When it comes to contraception for men, there have generally been fewer options available than for women in the last 40 years. In fact, the only current forms of male contraception include condoms or a vasectomy (semi-permanent surgery that prevents sperm from reaching semen). For women, however, the options are wider ranging and come in a variety of forms, from the pill and patch to the injection and implant.
This could be about to change though, as significant progress has been made on the male contraceptive pill in the last few years. The male pill is a form of contraception that could, if successful, prevent sperm production. It would do this by reducing a man’s testosterone levels without serious side effects.
While it’s not currently available, it could be a huge breakthrough, as it would allow heterosexual couples to choose who takes a contraceptive to prevent pregnancy.
Is there a male contraceptive pill?
There are multiple versions of the male contraceptive pill that are still being researched and developed. In fact, there are a couple of studies and clinical trials that have been testing the male contraceptive pill on humans in the last few years, but it isn’t currently available for general consumers.
There are two studies that are particularly interesting, both of which have been conducted in the US.

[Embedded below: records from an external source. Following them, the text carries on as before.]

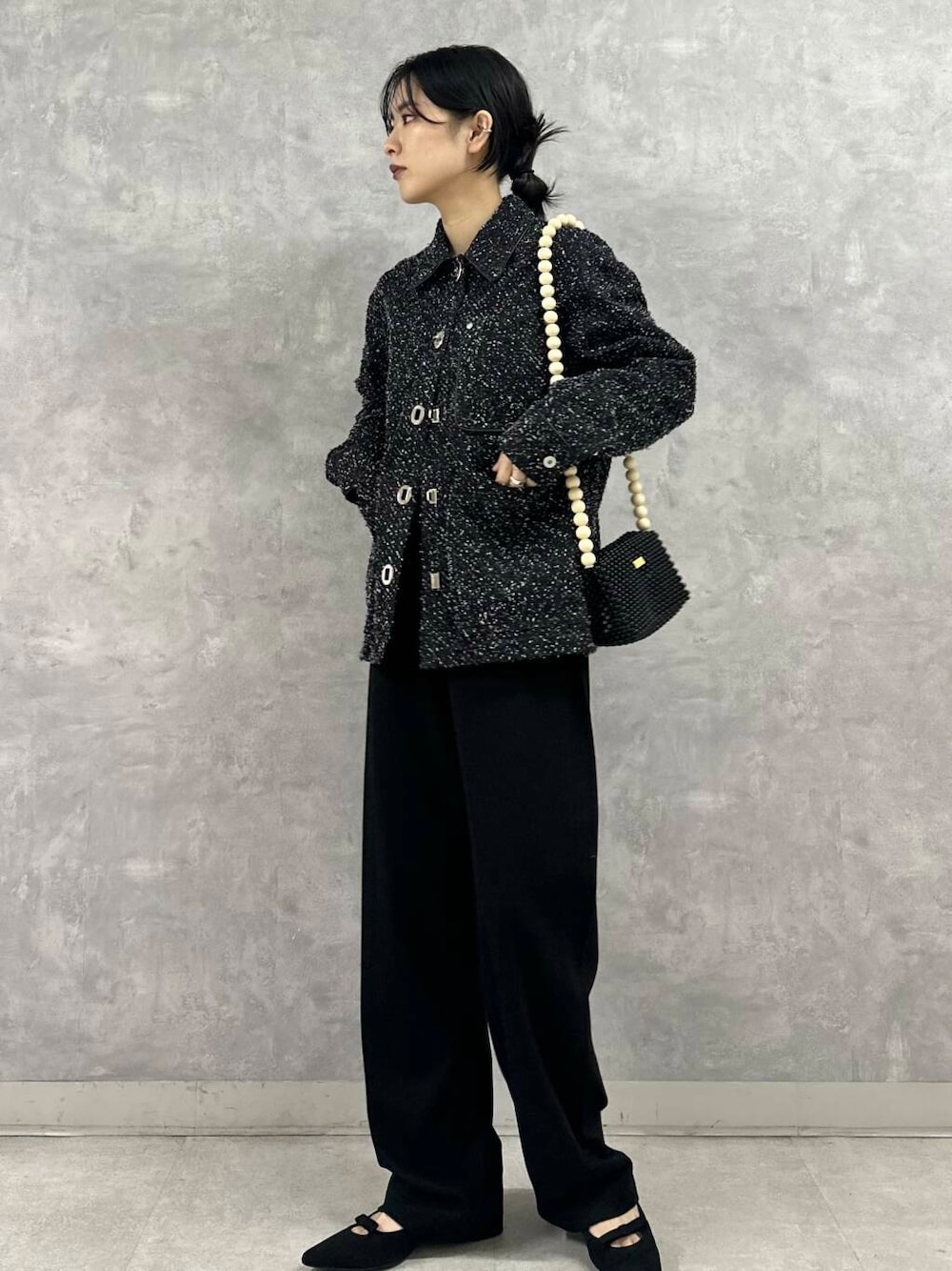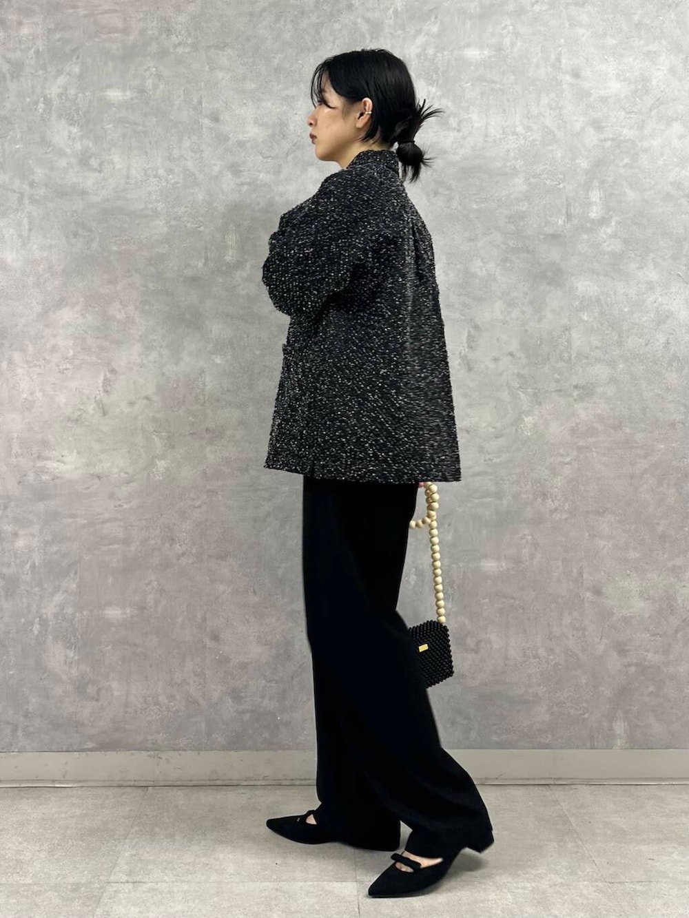 程よく肩はゆったり、身幅は広過ぎないボックスラインで、なんだか懐かしさもあるラインです。
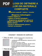 Principalul criteriu de alegere a materialului matricei compozitului il reprezinta temperatura de lucru. Astfel, se disting trei tipuri de matrici: - matricea polimerica cu temperatura de lucru < 200 C; - matricea metalica cu temperatura de lucru < 600 C, cu exceptia superaliajelor pe baza de Ni si Co care pot depasi 900 C; - matricea ceramica cu temperatura de lucru > 2500 C; 13.1. Matrice polimerica In functie de proprietatile materialelor compozite obtinute, polimerii utilizati ca matrice se pot grupa in trei clase: Polimeri cu performante medii: - termoplastici polipropilena; - termoreactivi fenoplaste; - elastomeri de uz general; Polimeri cu inalte performante, dar cu termostabilitate redusa: - termoplastici poliamide, poliesteri saturati, s.a.; - termoreactivi poliesteri nesaturati, rasini epoxidice, s.a.; - elastomeri poliuretani; Polimeri termostabili cu performante ridicate: - termoplastici; - termoreactivi poliimide, s.a.; - elastomeri siliconici; 13.1.1. Principalele aplicatii ale materialelor compozite cu matrice polimerica Caracteristica de baza a compozitelor polimerice consta in raportul foarte ridicat rezistenta/[Link] acestui fapt, materialele compozite polimerice au devenit indispensabile pentru dezvoltarea unor domenii de varf precum microelectronica, tehnica medicala, constructiile aerospatiale, industria de automobile, industria navala etc. Este relevant un singur exemplu: la construirea modulului lunar al navetei spatiale Apollo 11, circa 75% din materialele utilizate au fost compozite polimerice, iar in cazul navetei spatiale Discovery, acest procent a ajuns la 87%. Si in industria navala utilizarea compozitelor polimerice a atins un ritm galopant, plecand de la partile submersibile ale vapoarelor si ajungand pana la echipamente ultracomplexe de foraj marin.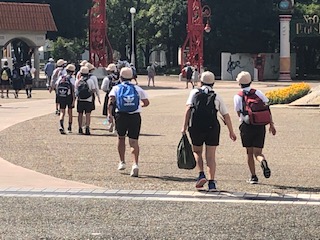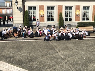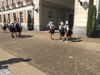 スペイン村での活動についての諸注意を聞いてから活動班ごとに乗りたいアトラクションに向かいました。小走りになっている子どもたちもいます。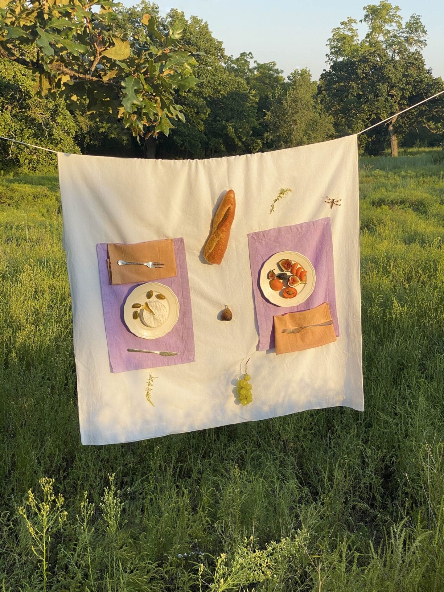 In a patch of flowers, she adorns a tomato-sauce base with margarine petals and mint leaves that are finished with mustard details. Another dense slice is torn and reassembled with edible gold before being smothered in sour cream and garnished with ketchup to resemble Kintsugi, the Japanese art of pottery repair.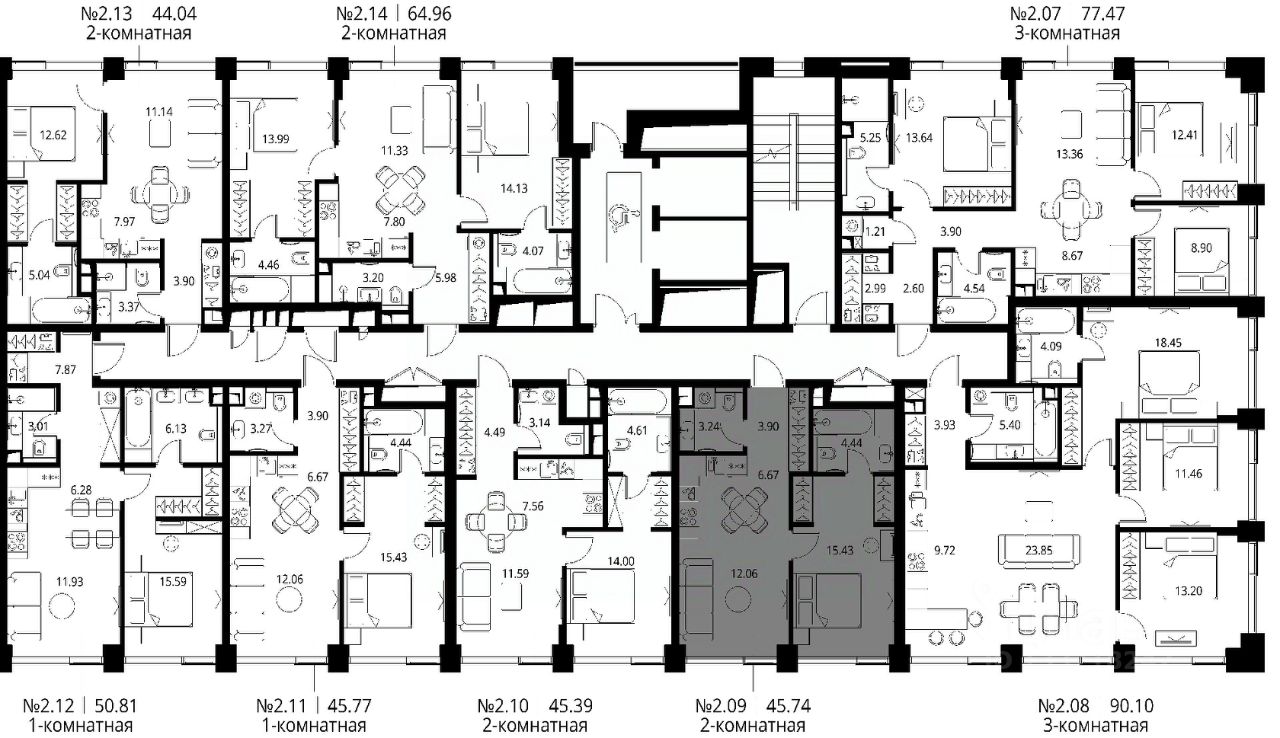 Продаётся 1-комнатная квартира общей площадью 45.74 м² с предчистовой отделкой в ЖК Сити Бэй, квартале Норс, на 2-м этаже 10 этажного дома.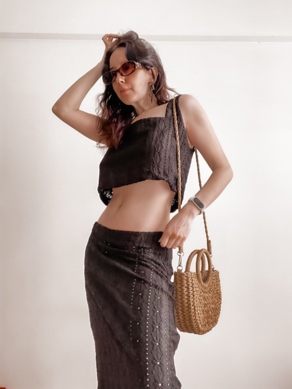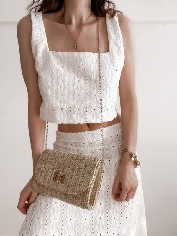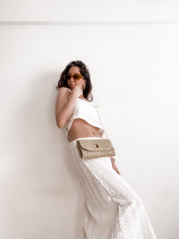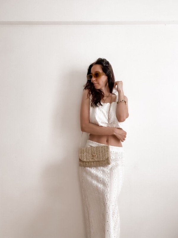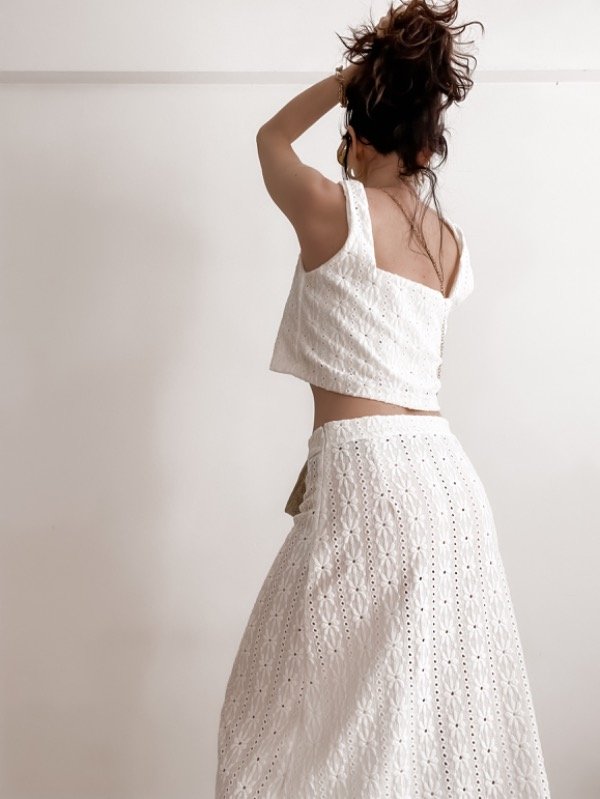 Set de broderie compuesto por top recto + falda (largo hasta gemelos)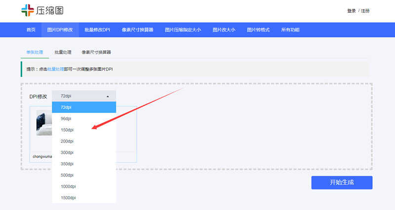 上传图片后选择dpi修改数值,支持将图片分辨率改为72、96、100、300、350dpi等,这里选择150dpi。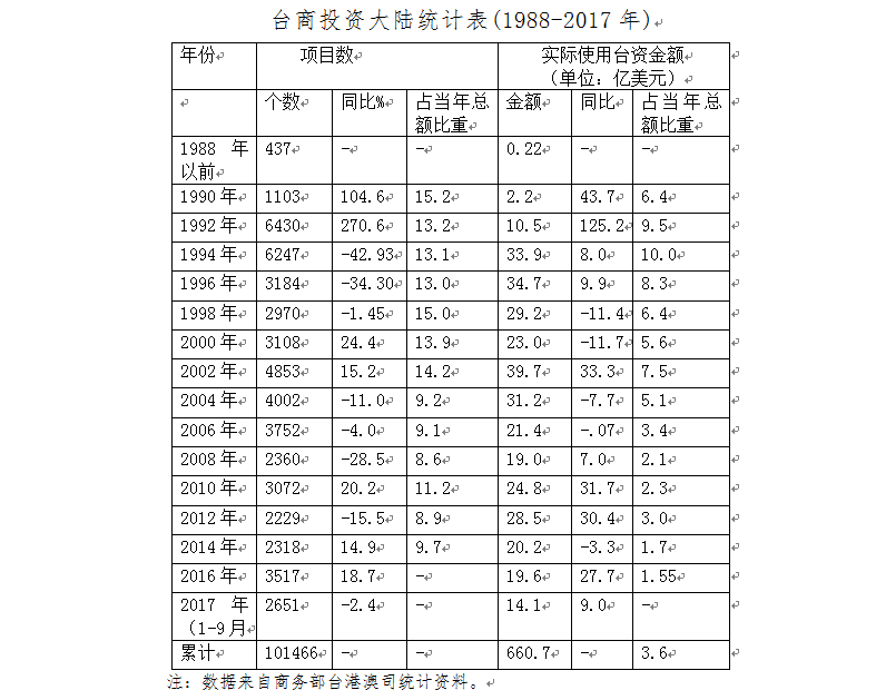 上世紀八十年代初,第一批臺商假借第三地之名,迂回進入大陸投資,開啟了兩岸經濟交流與合作的序幕。1987年10月,大陸表示“熱情歡迎臺灣同胞到祖國大陸探親旅游”,兩岸交流的大門終被打開,臺商對大陸投資快速增長,并成為推動兩岸經濟交流與合作的重要力量。據我商務部統計,截止2017年9月,累計批準臺商來大陸投資項目10.1萬個,實際使用臺資660.65億美元(由于臺當局對臺商投資大陸有重重限制,多年來大量臺資通過英屬維爾京、開曼群島、薩摩亞、毛里求斯和巴巴多斯等自由港轉投資大陸,若加計此類自由港的臺資,我實際利用臺資金額將高于商務部統計額),按照實際使用外資統計,臺資占我累計實際吸收境外投資總額的3.6%。目前臺灣是大陸第二大投資來源地,大陸是臺灣最大的投資目的地。臺商對大陸的投資早期多為勞動密集型傳統制造業的中小企業,現在則向高科技產業、金融等現代服務業產業延伸,企業也以大型上市柜公司為主;投資區域從福建、廣東等沿海地區逐步向中部、西部轉移,投資區域產業聚集效應明顯;投資策略從過去的“三來一補”加工外銷導向逐漸轉變為與大陸當地產業鏈緊密結合,目標市場從歐美轉向大陸內需市場。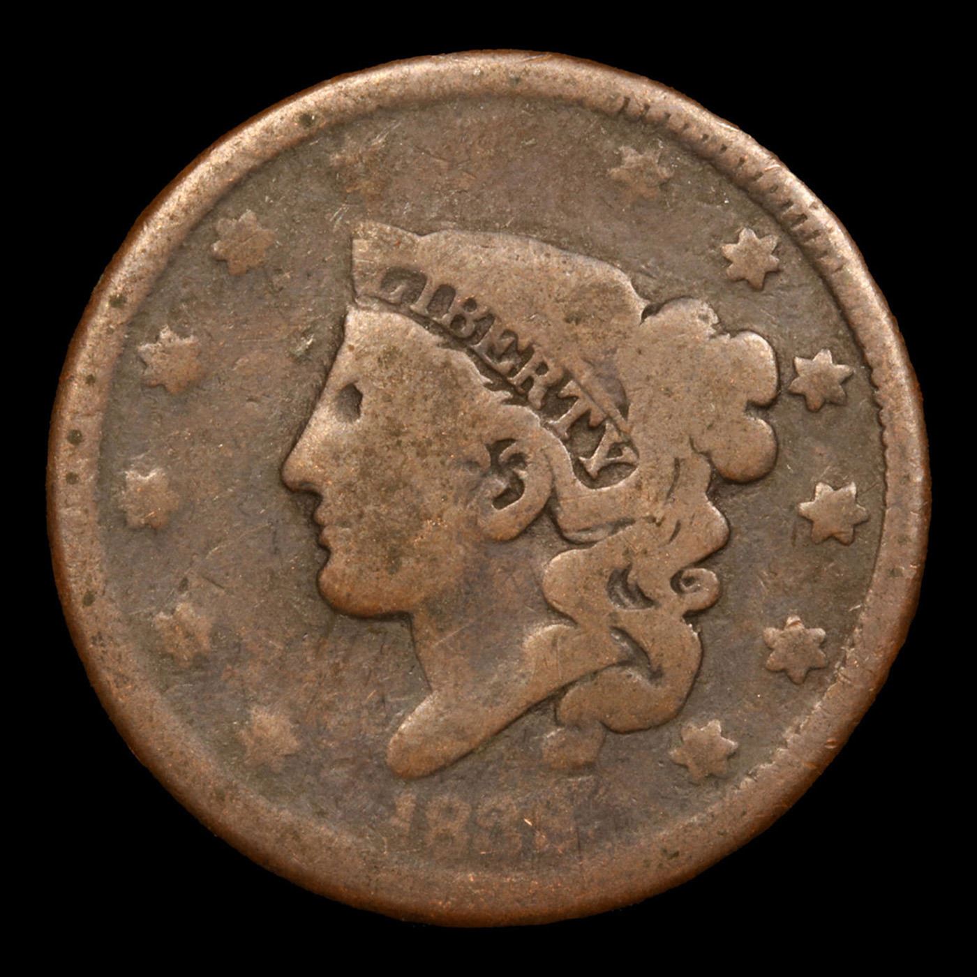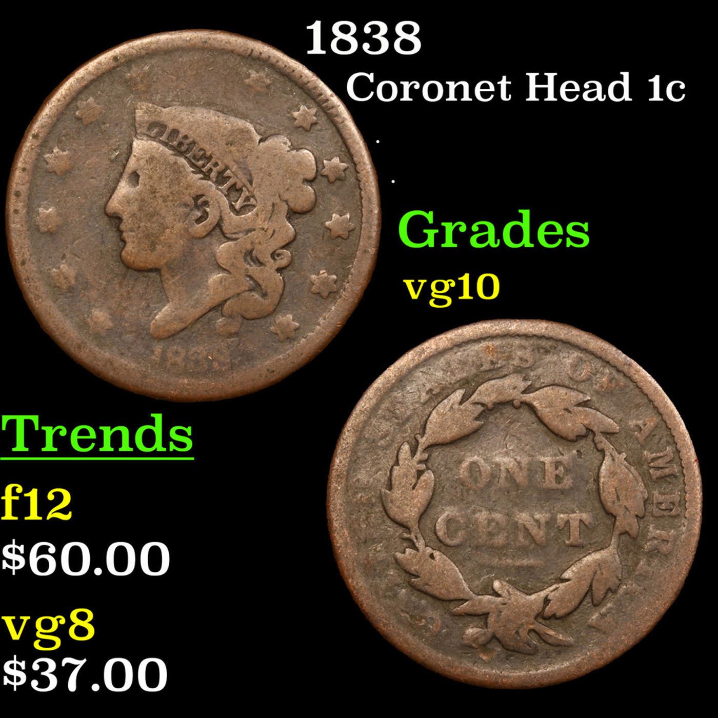 1838 Coronet Head Large Cent 1c Grades vg+.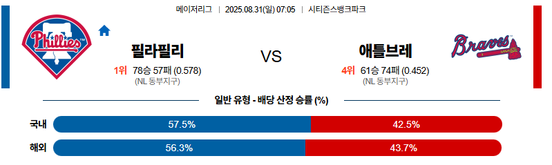 필라델피아 대 애틀랜타 MLB 08월31일 맞대결 생중계, 스포츠중계, 스포츠분석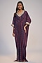 Navy Blue Crepe Printed & Sequins Embroidered Kaftan Dress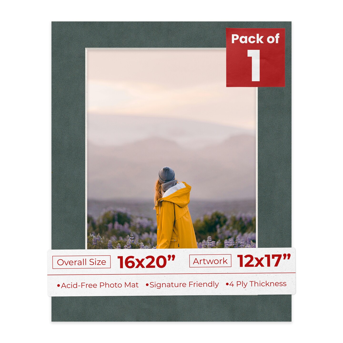 Dark Grey Suede Mat Board for 16x20 Frames - Fits 12x17 Photos

The first was published by the Endocrine Society in 2019 and studied the effects of the hormone pill dimethandrolone undecanoate (DMAU). The trial randomised 83 healthy men and split them into two groups. One group received a placebo and the other received DMAU. For those that were receiving the hormone, a variety of doses were given (100mg, 200mg or 400mg) and in two forms (in castor oil or as powder in a capsule). They took the contraceptive or placebo for 28 days.
All the men who received a 400mg dose experienced suppressed luteinising hormone (LH) and follicle-stimulating hormone (FSH) with no significant change in mood. This is particularly significant as FSH plays an important role in the production of sperm, while LH helps to control the production of testosterone. None of the men in the study reported serious side effects. Nine out of 83 reported decreased libido (one of which was taking the placebo tablet) and eight reported acne (interestingly, though, three of those were taking the placebo).
Overall, the study found that the higher doses were more impactful, and reduced men’s testosterone to “near castrate levels” of 50 nanograms per decilitre . Normal testosterone levels are considered to be at around 300 nanograms per decilitre.
The second study looked at DMAU’s ‘sister’ hormone, 11-beta-methyl-19-nortestosterone dodecylcarbonate, or 11-beta-MNTDC for short, and took place at LA BioMed and the University of Washington. The hormone is a modified testosterone that is thought to decrease sperm production while maintaining a steady libido in men.
Of the 40 participants, 10 received a placebo while 30 received 11-beta-MNTDC, either as a 200mg or 400mg dose over a 28-day period. Overall, the study found that sperm production dropped sufficiently and that the effects were reversible upon stopping the hormone treatment. Some side effects were reported, including fatigue, acne and headaches. Five men reported decreased libidio and two reported mild erectile dysfunction.
Both studies show that the production of the male pill is certainly heading in the right direction, but that further work and research is needed to determine the effects of reducing testosterone.
How does the male contraceptive pill work?
The male contraceptive pill would work by reducing a man’s testosterone to below normal levels. Some male contraceptives that have been tested also contain progesterone that helps to reduce the sperm production in the testicles, as well as lower testosterone.
Should the product make it to mass market, a man would have to take one tablet every day, much like women do on the progestogen-only pill, and this would control their testosterone levels to reduce the risk of pregnancy.
The pill could change the face of contraception for men. Currently, their only contraceptive options are condoms or a vasectomy. Vasectomies can be reversed, but the results aren’t always guaranteed, making it a semi-permanent form of contraception. Some couples continue to use the ‘pull out’ method as a way of preventing pregnancy, but this isn’t recommended and isn’t an effective contraceptive. The pill, however, could give more couples the freedom to have sex without worrying about unwanted pregnancies.
When will the male pill be available?
There’s no confirmed date as to when the male pill will be available to everyone. While the clinical trials do show some success, it could still be many years before an approved version makes it to market.